◆ DATA PROVIDED
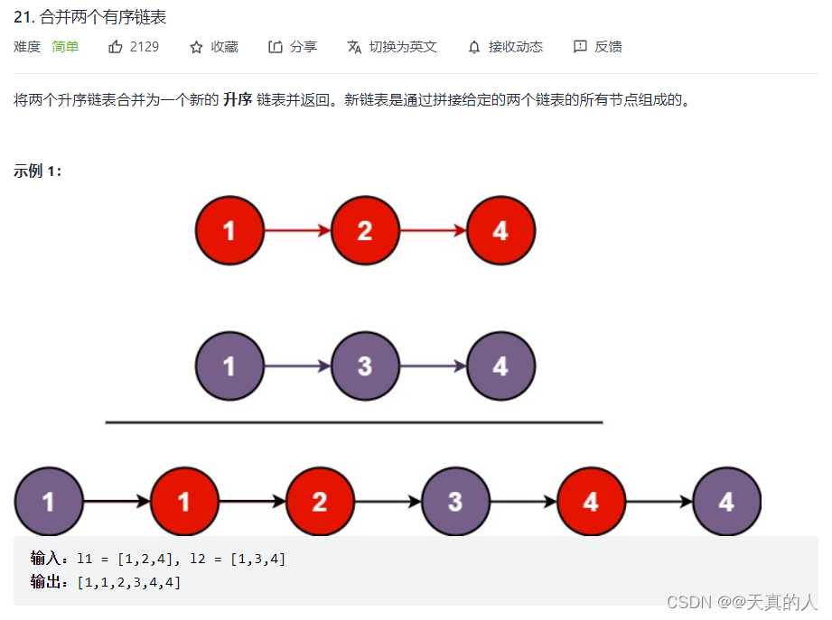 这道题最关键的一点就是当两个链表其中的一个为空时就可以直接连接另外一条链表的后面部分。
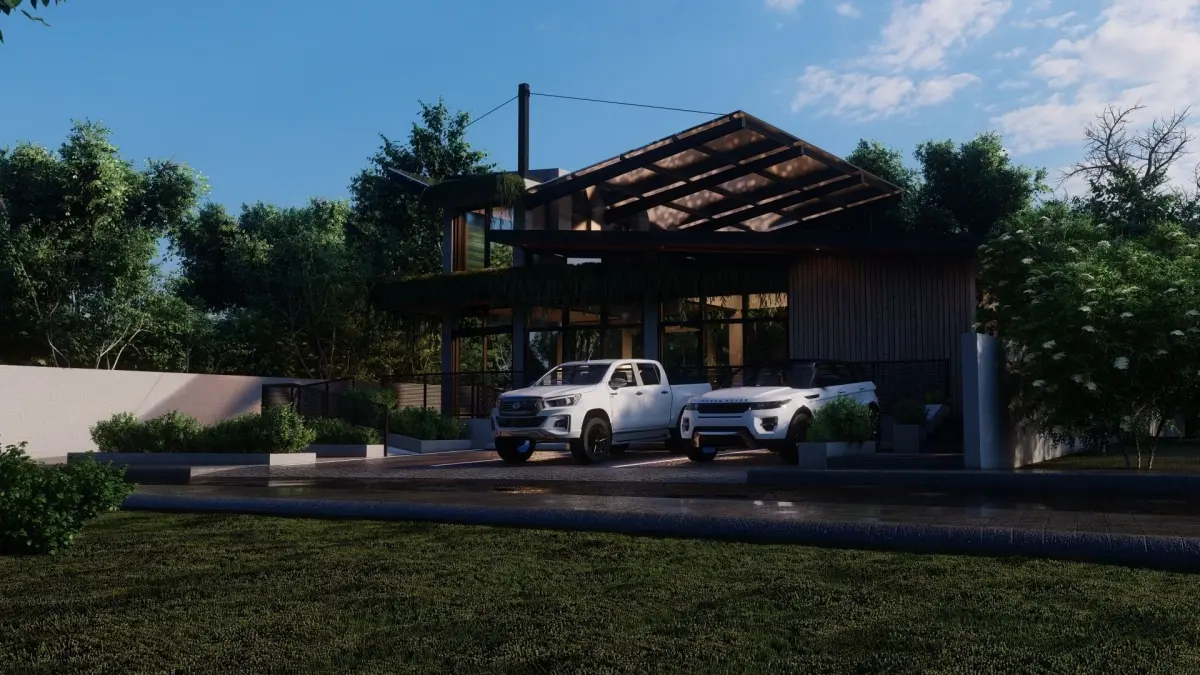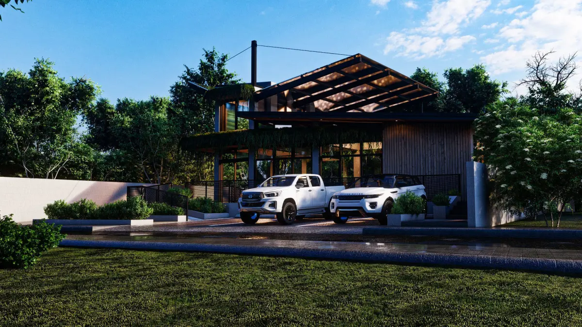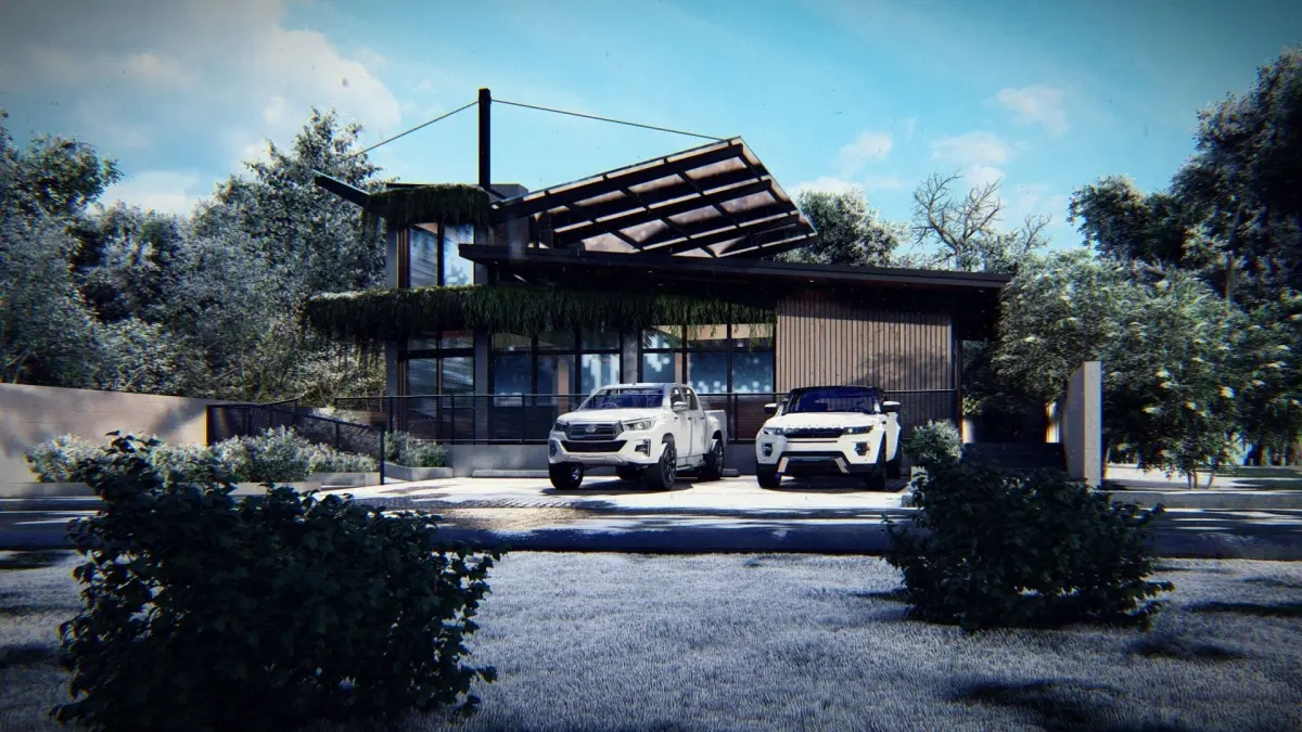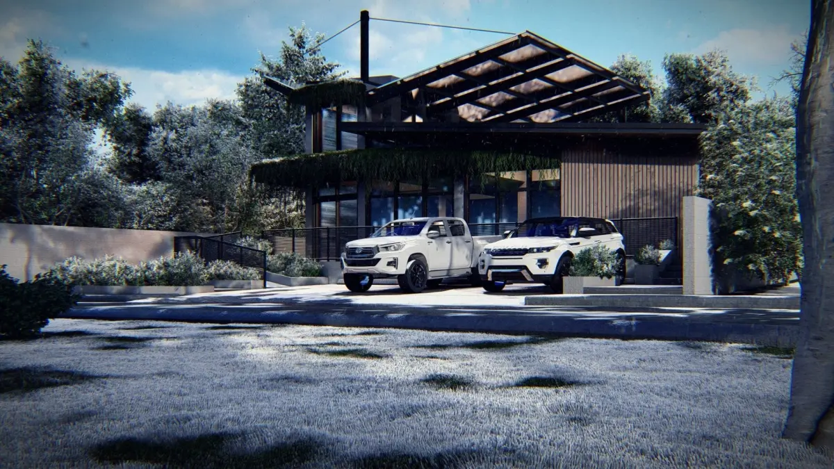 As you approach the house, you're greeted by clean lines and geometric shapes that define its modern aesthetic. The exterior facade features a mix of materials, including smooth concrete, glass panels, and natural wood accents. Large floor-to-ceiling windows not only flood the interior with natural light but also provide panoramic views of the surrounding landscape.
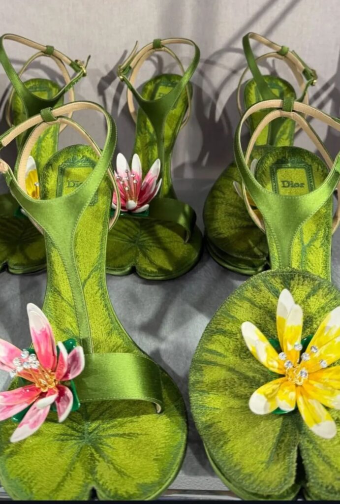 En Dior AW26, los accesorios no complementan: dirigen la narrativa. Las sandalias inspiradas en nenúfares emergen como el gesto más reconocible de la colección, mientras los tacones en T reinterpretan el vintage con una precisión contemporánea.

◆ WHAT YOU WILL DO
Return the full listing exactly as written, without any of its images.

◆ PROBLEM SOLUTION
 这道题最关键的一点就是当两个链表其中的一个为空时就可以直接连接另外一条链表的后面部分。
 As you approach the house, you're greeted by clean lines and geometric shapes that define its modern aesthetic. The exterior facade features a mix of materials, including smooth concrete, glass panels, and natural wood accents. Large floor-to-ceiling windows not only flood the interior with natural light but also provide panoramic views of the surrounding landscape.
 En Dior AW26, los accesorios no complementan: dirigen la narrativa. Las sandalias inspiradas en nenúfares emergen como el gesto más reconocible de la colección, mientras los tacones en T reinterpretan el vintage con una precisión contemporánea.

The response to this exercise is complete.